In the records below, find the line with "Tuonti käynnistyy. Laite" and repeat exactly every line from it through the line with "冯尚友教授从事水文及水资源教". Pictures stay out.

◆ Material shown ◆
▼
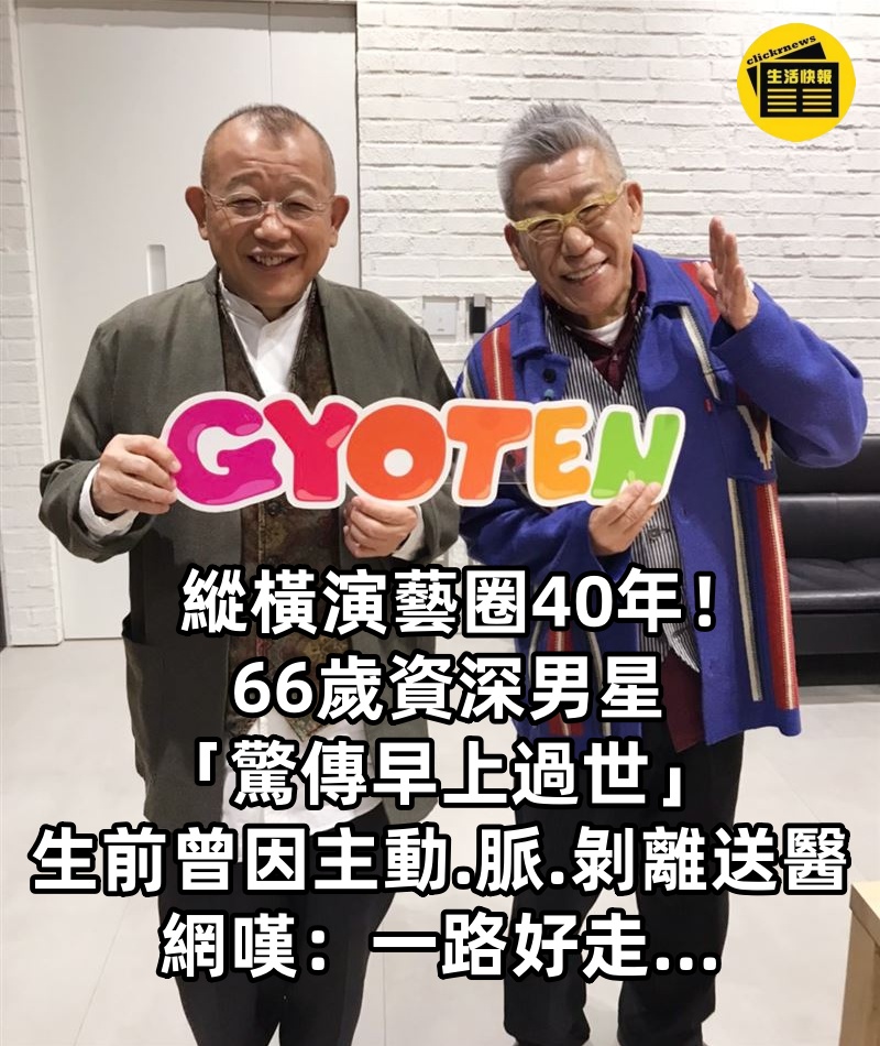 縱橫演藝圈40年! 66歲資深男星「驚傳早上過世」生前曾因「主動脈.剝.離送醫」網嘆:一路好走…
▲
▼
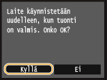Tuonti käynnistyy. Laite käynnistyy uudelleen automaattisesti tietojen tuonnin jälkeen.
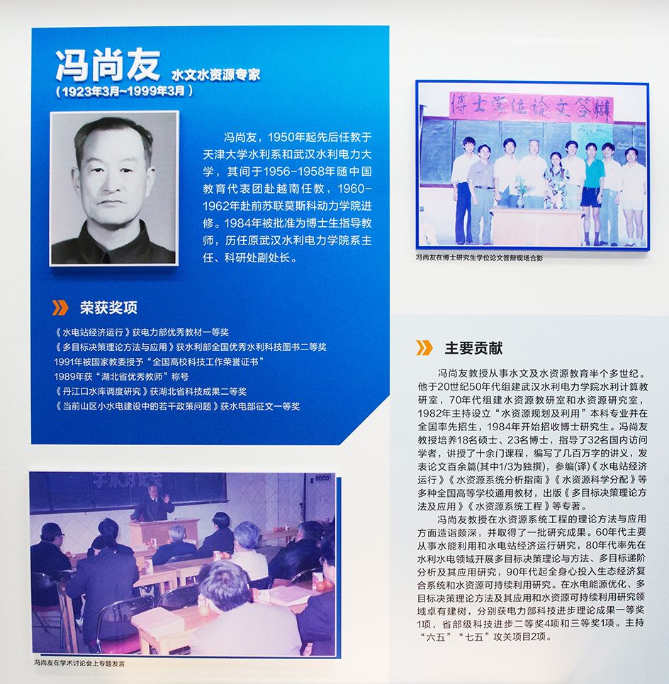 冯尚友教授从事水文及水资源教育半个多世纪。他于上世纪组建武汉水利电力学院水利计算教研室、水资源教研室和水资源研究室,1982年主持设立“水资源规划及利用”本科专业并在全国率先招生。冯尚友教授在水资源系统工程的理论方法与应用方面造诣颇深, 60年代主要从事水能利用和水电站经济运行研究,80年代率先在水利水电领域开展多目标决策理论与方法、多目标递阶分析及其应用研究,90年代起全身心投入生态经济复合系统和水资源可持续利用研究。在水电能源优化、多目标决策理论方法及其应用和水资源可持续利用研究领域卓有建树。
▲
◆ Exercise result ◆
Tuonti käynnistyy. Laite käynnistyy uudelleen automaattisesti tietojen tuonnin jälkeen.
 冯尚友教授从事水文及水资源教育半个多世纪。他于上世纪组建武汉水利电力学院水利计算教研室、水资源教研室和水资源研究室,1982年主持设立“水资源规划及利用”本科专业并在全国率先招生。冯尚友教授在水资源系统工程的理论方法与应用方面造诣颇深, 60年代主要从事水能利用和水电站经济运行研究,80年代率先在水利水电领域开展多目标决策理论与方法、多目标递阶分析及其应用研究,90年代起全身心投入生态经济复合系统和水资源可持续利用研究。在水电能源优化、多目标决策理论方法及其应用和水资源可持续利用研究领域卓有建树。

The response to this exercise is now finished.